“Deitado na esteira, no meio de molambos, no canto escuro da choça de chão de terra, Nhô Augusto, dias depois, quando voltou a ter noção das coisas, viu que tinha as pernas metidas em toscas talas de taboca e acomodadas em regos de telhas, porque a esquerda estava partida em dois lugares, e a direita num só, mas com ferida aberta. As moscas esvoaçavam e pousavam, e o corpo todo lhe doía, com costelas também partidas, e mais um braço, e um sofrimento de machucaduras e cortes, e a queimadura da marca de ferro, como se o seu pobre corpo tivesse ficado imenso.”
“A hora e vez de Augusto Matraga”
A Editora Nova Fronteira, conhecida e reconhecida por ser a casa dos grandes clássicos da literatura, comemora 50 anos. É muita história já contada e muita ainda por contar. Para festejar essa data tão importante, lançaremos a Coleção 50 Anos, com vinte títulos imperdíveis e obrigatórios em qualquer estante.
Guimarães Rosa é, por seus experimentos linguísticos, sua técnica e sua inventividade, o mais completo renovador de nossa ficção.
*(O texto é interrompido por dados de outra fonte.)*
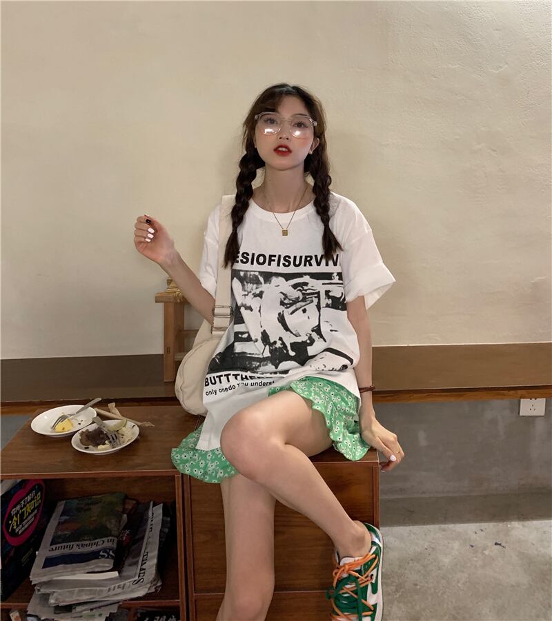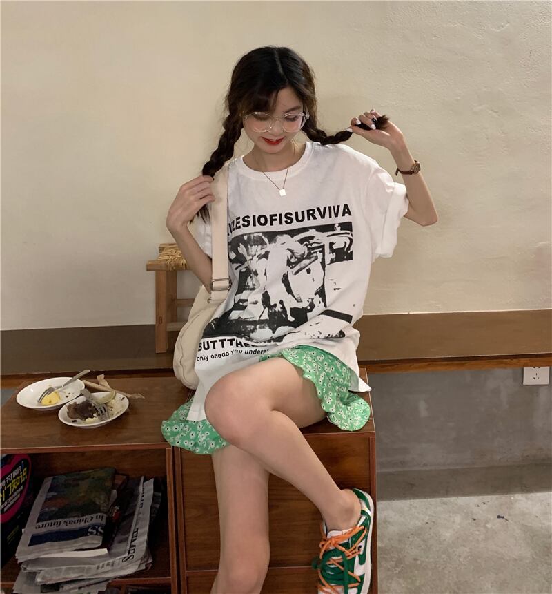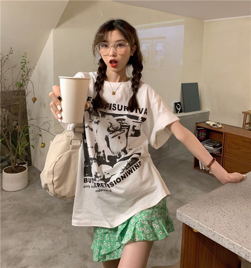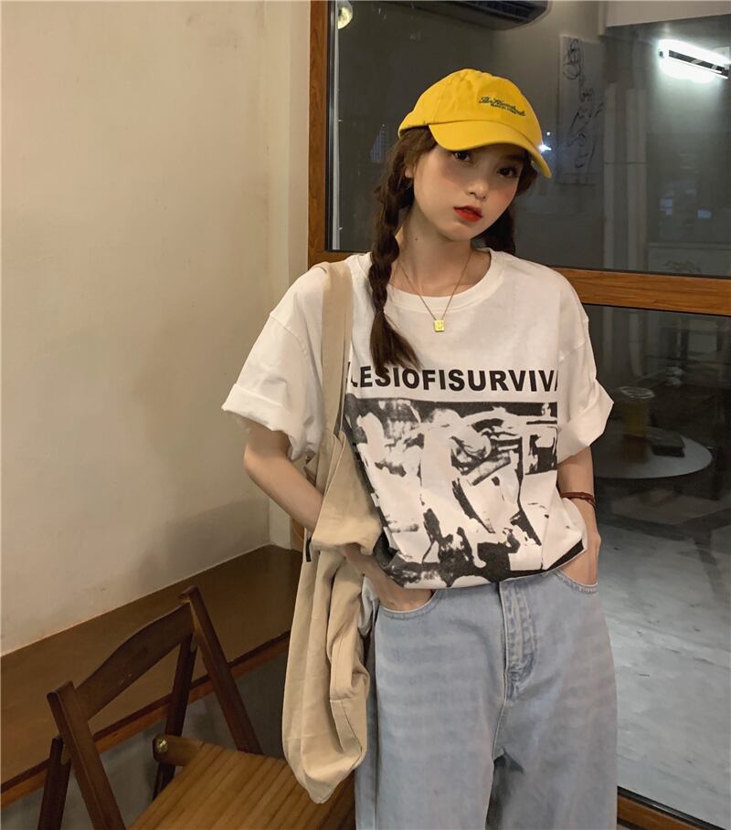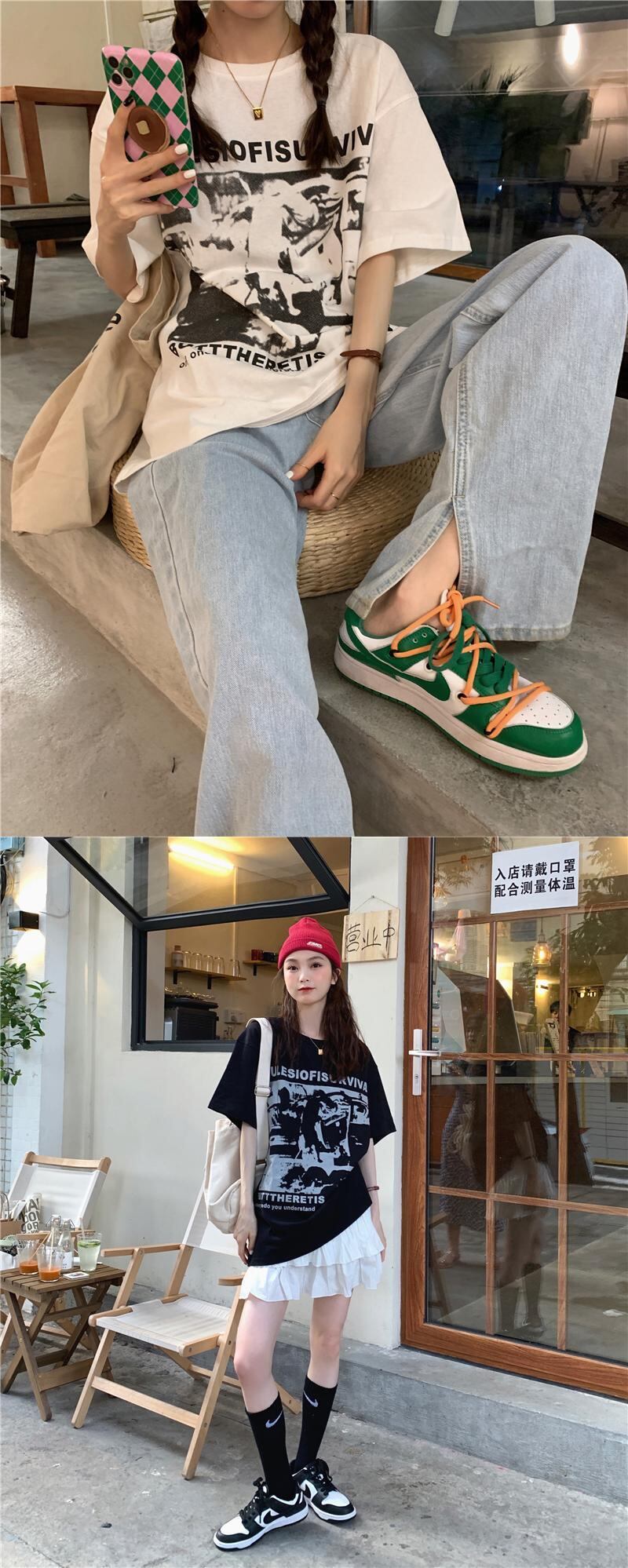 スタイルブラックプリントルーズTシャツ サマー 夏物 モンロー8015366165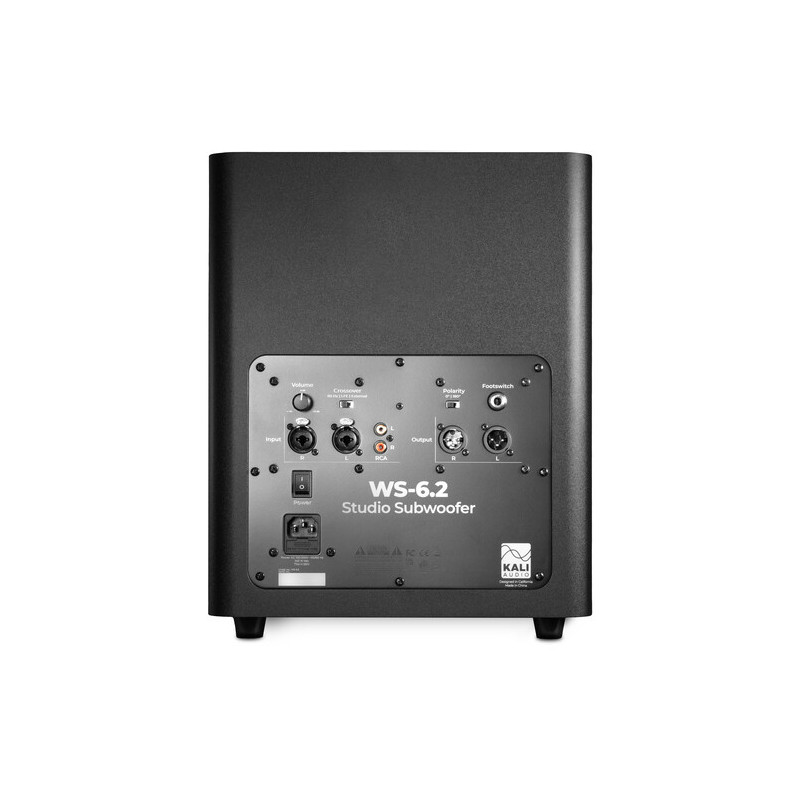 Kali Audio WS-6.2 е оборудван с балансирани XLR и TRS входове, както и RCA вход за по-широка съвместимост. Изходите XLR позволяват директно свързване към монитори, като кросоувърът може да бъде зададен на 80 Hz, LFE или външен режим. Налична е и функция за обръщане на полярността (0°/180°), както и limiter защита, която предпазва системата от претоварване.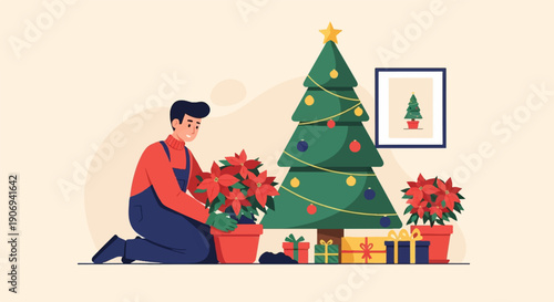 Vector illustration of ski teacher young man training girl. Private lesson. Ski instructor flat style design element.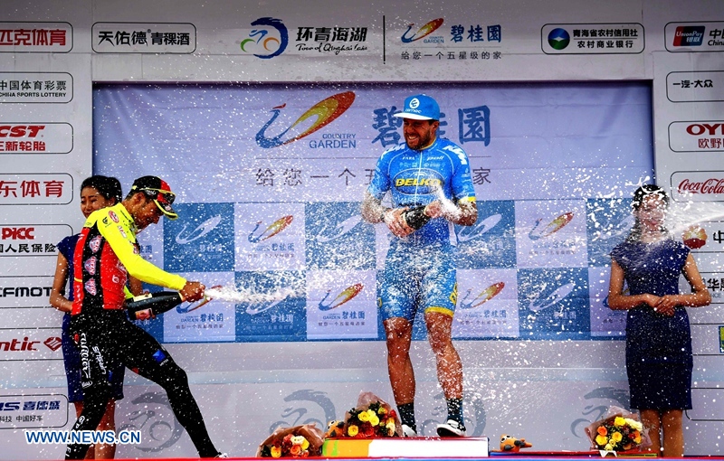 Winners celebrate at the award ceremony of the second stage of the Tour of Qinghai Lake in northwest China's Qinghai Province, on July 23, 2018. (Xinhuanet Photo by Yang Shoude)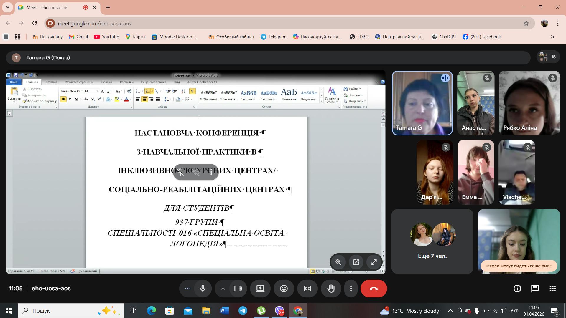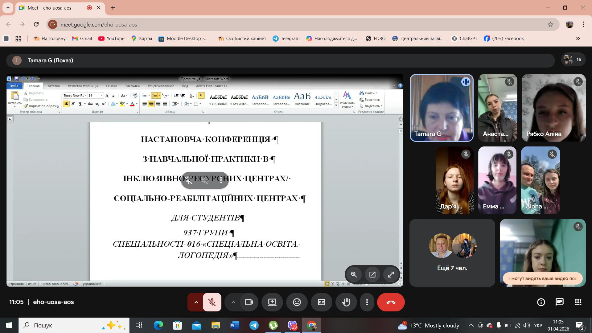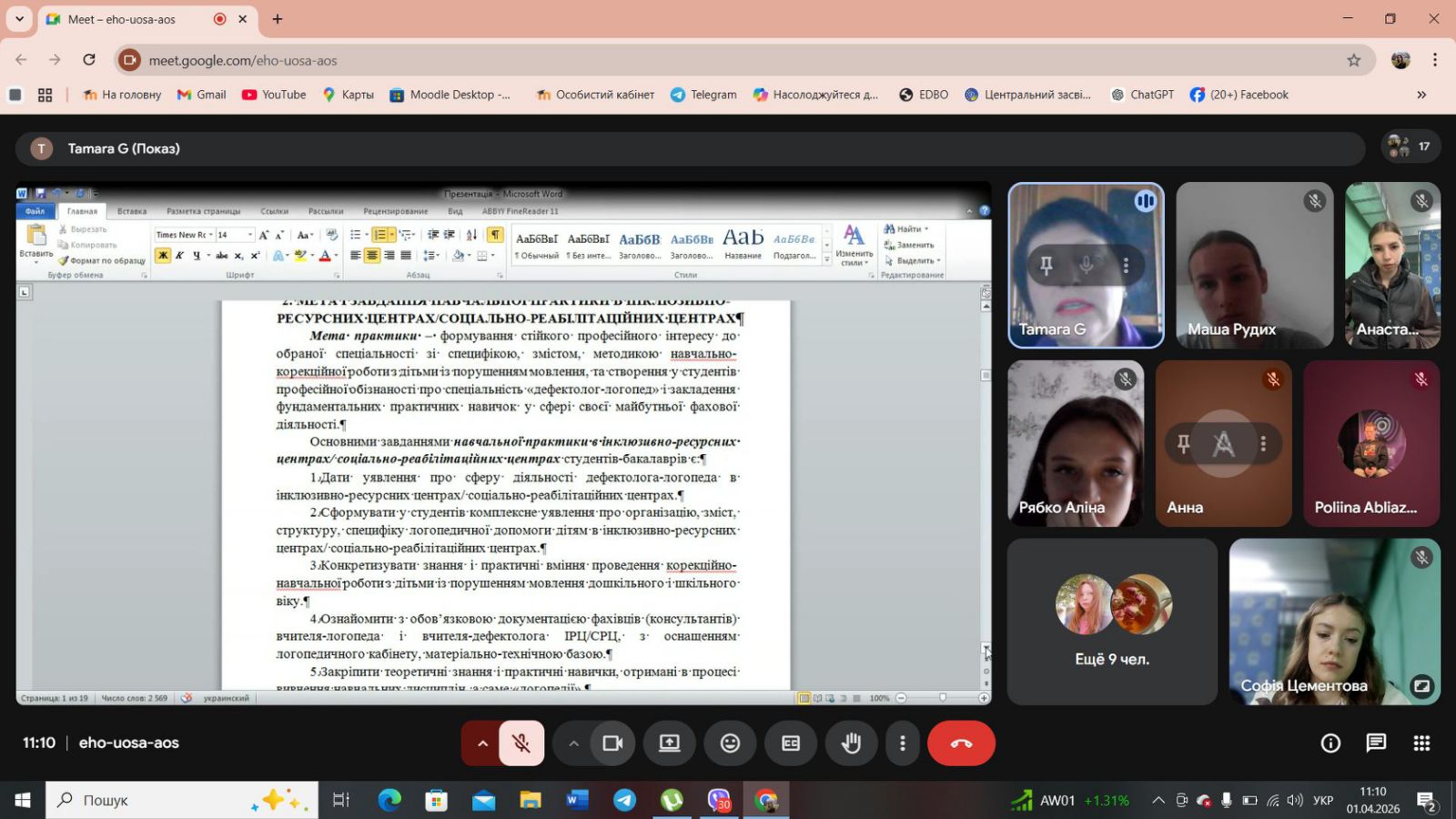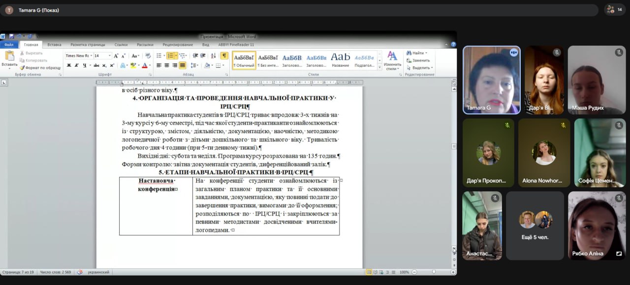 1 квітня 2026 р. на кафедрі логопедії відбулась настановча конференція з навчальної практики в інклюзивно-ресурсних центрах та соціально-реабілітаційних центрах для здобувачів першого (бакалаврського) рівня вищої освіти 937 групи спеціальності 016 Спеціальна освіта (016.01 Логопедія).

Ao aparecer efetivamente como escritor em 1946, com os contos de Sagarana, levou Graciliano Ramos a escrever sobre ele, dizendo-se entusiasmado com os contos “O burrinho pedrês”, “A volta do marido pródigo”, “Duelo”, “Corpo fechado” e, sobretudo, “A hora e vez de Augusto Matraga”, “que me faz desejar ver Rosa dedicar-se ao romance”. O título, Sagarana, é uma criação do autor, que juntou à palavra saga (“narrativa histórica ou lendária”) o sufixo tupi -rana, que expressa a ideia de semelhança. Rosa achou o neologismo tão expressivo que pediu que o conservassem em todas as traduções da obra. Apresentando a paisagem e o homem de sua terra numa linguagem até hoje exclusiva, Guimarães Rosa fez de Sagarana a semente de uma obra cujo sentido e alcance ainda estão longe de ser inteiramente decifrados.